Global Convergence of Block Coordinate Descent in Deep Learning
This provides foundational theoretical support for practitioners using BCD in deep learning, though it is incremental as it builds on existing frameworks.
The paper tackles the lack of theoretical convergence guarantees for block coordinate descent methods in deep neural network training, establishing global convergence to a critical point at a rate of O(1/k) for common models including ResNets and general loss functions.

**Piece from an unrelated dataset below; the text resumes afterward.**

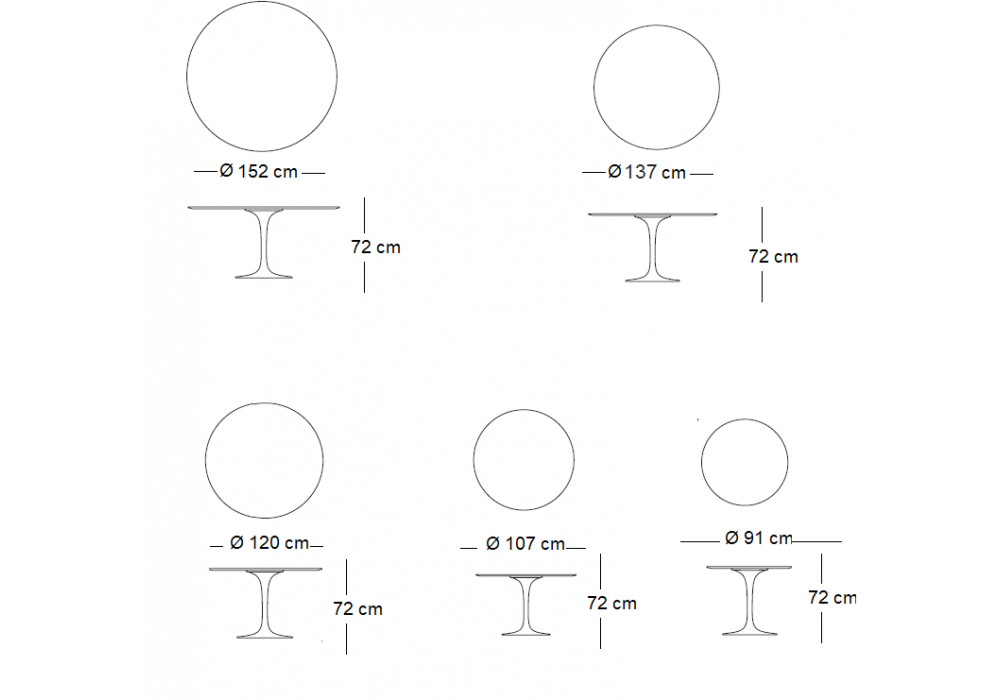 | Dimensions | Ø 152 x H 72 cm; Ø 137 x H 72 cm, Ø 120 x H 72 cm; Ø 107 x H 72 cm; Ø 91 x H 72 cm. |

Deep learning has aroused extensive attention due to its great empirical success. The efficiency of the block coordinate descent (BCD) methods has been recently demonstrated in deep neural network (DNN) training. However, theoretical studies on their convergence properties are limited due to the highly nonconvex nature of DNN training. In this paper, we aim at providing a general methodology for provable convergence guarantees for this type of methods. In particular, for most of the commonly used DNN training models involving both two- and three-splitting schemes, we establish the global convergence to a critical point at a rate of ${\cal O}(1/k)$, where $k$ is the number of iterations. The results extend to general loss functions which have Lipschitz continuous gradients and deep residual networks (ResNets). Our key development adds several new elements to the Kurdyka-Łojasiewicz inequality framework that enables us to carry out the global convergence analysis of BCD in the general scenario of deep learning.